-
Notifications
You must be signed in to change notification settings - Fork 1
EDCMON
The Energy Data Center Monitor is a new EAR service for Data Center monitoring. In particular, it targets elements different than computational nodes which are already monitored by the EARD running in compute nodes. However, whereas the EARDs monitor (among others) DC node power, the EDCMON service targets (eventhough it's not limited to) AC power. Because of that reason, the EDCMON main goal is to include all the power consumer components in a Data Center (Compute nodes, Network, Storage, Management).

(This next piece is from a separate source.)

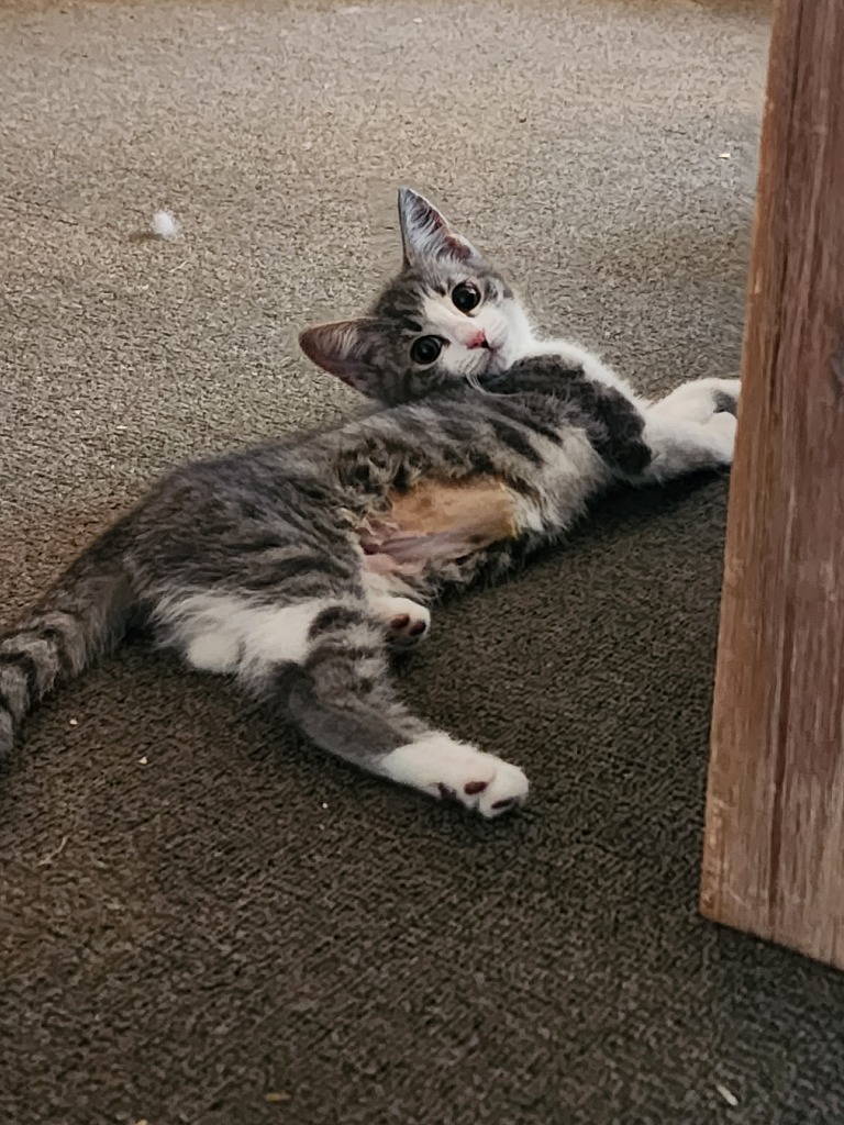 This sweet girl absolutely loves her food, her toys, and especially her people. Octavia is confident and adaptable, making her the perfect fit for either a home with another friendly kitty or as a spoiled solo cat.

EDCMON is 100% configurable and extensible since it uses an EAR framework named Plugin Manager which allows to load as many plugins as needed, which specific frequencies , dependencies among them and to share data between them. These plugins can communicate with each other through a tag (naming) system. The tag is a free text specified in the plugin code and is used as reference to specify dependencies, data sharing etc.
EDCMON parameters are:
Usage: ./edcmon [OPTIONS]
Options:
--plugins List of comma separated plugins to load.
--paths List of comma separated priority paths to search plugins.
--verbose Show how the things are going internally.
--silence Hide messages returned by plugins.
--monitor Period at which the plugin wake ups for monitoring. Def=100 ms
--relax Period to be used during low monitoring periods. Def=100 ms
--help If you see it you already typed --help.
This is an example of the executable arguments and its format:
edcmon --monitor=1000 --relax=1000 --plugins=nodesensors.so:30000+nodesensors_report.so:30000:nodesensor_log+nodesensors_alerts.so:30000:log --verbose
This example shows the default configuration used by EAR when the edcmon service is deployed. This case configures a monitoring period of 1 second and it loads three plugins (separated by character +):
- nodesensors: monitoring plugin based on Lenovo Confluent software. Reads specified sensors every 30 seconds. Exposes "nodesensors" tag.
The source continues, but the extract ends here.